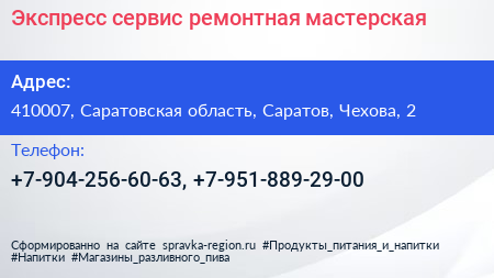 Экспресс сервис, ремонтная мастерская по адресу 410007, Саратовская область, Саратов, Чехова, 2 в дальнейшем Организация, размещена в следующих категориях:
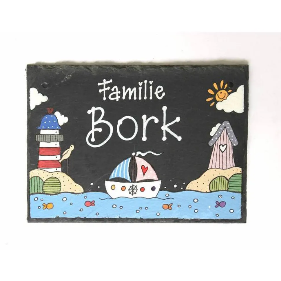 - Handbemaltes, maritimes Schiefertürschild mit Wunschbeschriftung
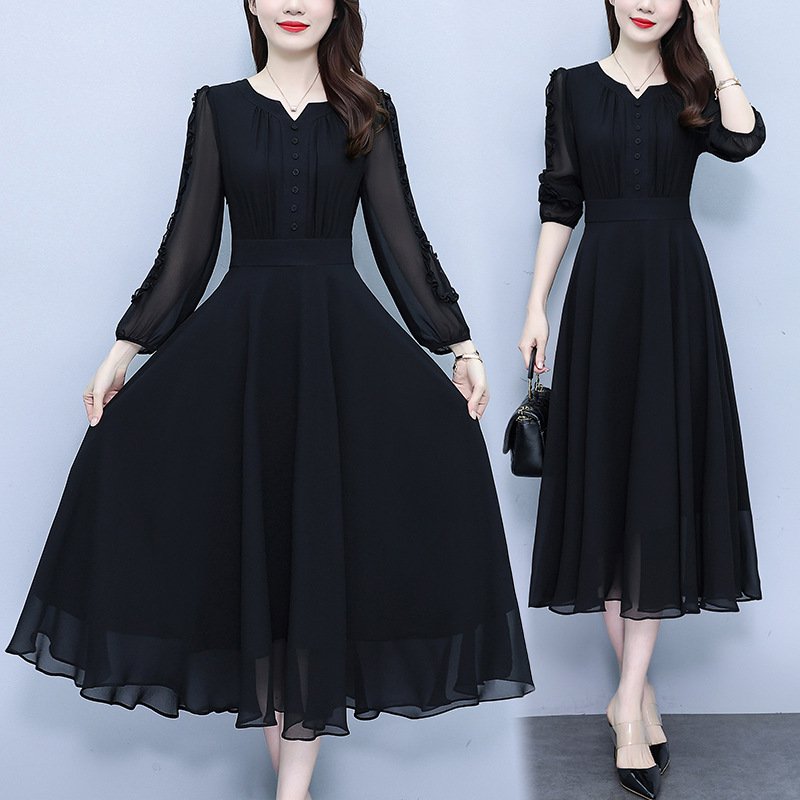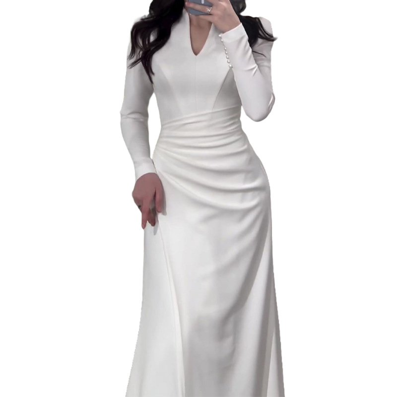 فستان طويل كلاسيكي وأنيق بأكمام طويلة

------------------------------------

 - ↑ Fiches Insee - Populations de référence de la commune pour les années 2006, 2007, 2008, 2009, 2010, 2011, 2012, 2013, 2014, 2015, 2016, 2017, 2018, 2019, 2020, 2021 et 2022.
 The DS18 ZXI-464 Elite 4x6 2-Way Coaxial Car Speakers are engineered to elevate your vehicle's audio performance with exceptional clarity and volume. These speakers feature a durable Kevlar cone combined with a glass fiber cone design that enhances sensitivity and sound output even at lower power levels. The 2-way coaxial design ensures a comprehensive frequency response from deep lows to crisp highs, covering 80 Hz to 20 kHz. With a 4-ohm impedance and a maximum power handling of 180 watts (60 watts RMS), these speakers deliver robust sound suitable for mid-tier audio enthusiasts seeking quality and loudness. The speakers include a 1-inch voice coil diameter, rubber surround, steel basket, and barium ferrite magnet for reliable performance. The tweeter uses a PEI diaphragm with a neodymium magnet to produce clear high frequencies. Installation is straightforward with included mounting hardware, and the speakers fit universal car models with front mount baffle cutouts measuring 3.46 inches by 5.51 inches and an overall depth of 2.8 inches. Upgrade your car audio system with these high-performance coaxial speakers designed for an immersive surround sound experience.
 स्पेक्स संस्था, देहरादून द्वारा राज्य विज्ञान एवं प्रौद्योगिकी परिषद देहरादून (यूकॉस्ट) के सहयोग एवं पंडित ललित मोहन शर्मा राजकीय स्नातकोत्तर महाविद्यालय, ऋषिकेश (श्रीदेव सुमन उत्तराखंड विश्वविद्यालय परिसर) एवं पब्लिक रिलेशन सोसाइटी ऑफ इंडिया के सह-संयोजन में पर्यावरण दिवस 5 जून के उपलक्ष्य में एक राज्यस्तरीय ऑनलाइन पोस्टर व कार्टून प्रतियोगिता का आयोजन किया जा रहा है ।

------------------------------------

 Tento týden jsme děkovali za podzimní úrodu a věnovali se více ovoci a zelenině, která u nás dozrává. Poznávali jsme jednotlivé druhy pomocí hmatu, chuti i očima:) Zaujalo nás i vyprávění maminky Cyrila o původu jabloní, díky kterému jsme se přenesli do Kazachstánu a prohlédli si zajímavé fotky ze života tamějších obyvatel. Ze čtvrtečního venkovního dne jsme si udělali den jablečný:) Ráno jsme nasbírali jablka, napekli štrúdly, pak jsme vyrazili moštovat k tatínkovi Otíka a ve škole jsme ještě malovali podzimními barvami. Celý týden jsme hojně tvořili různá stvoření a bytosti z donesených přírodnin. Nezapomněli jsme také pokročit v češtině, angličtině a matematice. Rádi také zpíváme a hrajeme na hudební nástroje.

------------------------------------

What you should do — How would the lines above read from the one with "Экспресс сервис, ремонтная" to the one with "فستان طويل كلاسيكي وأنيق بأكمام طويلة", inclusive, with no pictures? Write them out exactly.

Response —
 Экспресс сервис, ремонтная мастерская по адресу 410007, Саратовская область, Саратов, Чехова, 2 в дальнейшем Организация, размещена в следующих категориях:
 - Handbemaltes, maritimes Schiefertürschild mit Wunschbeschriftung
 فستان طويل كلاسيكي وأنيق بأكمام طويلة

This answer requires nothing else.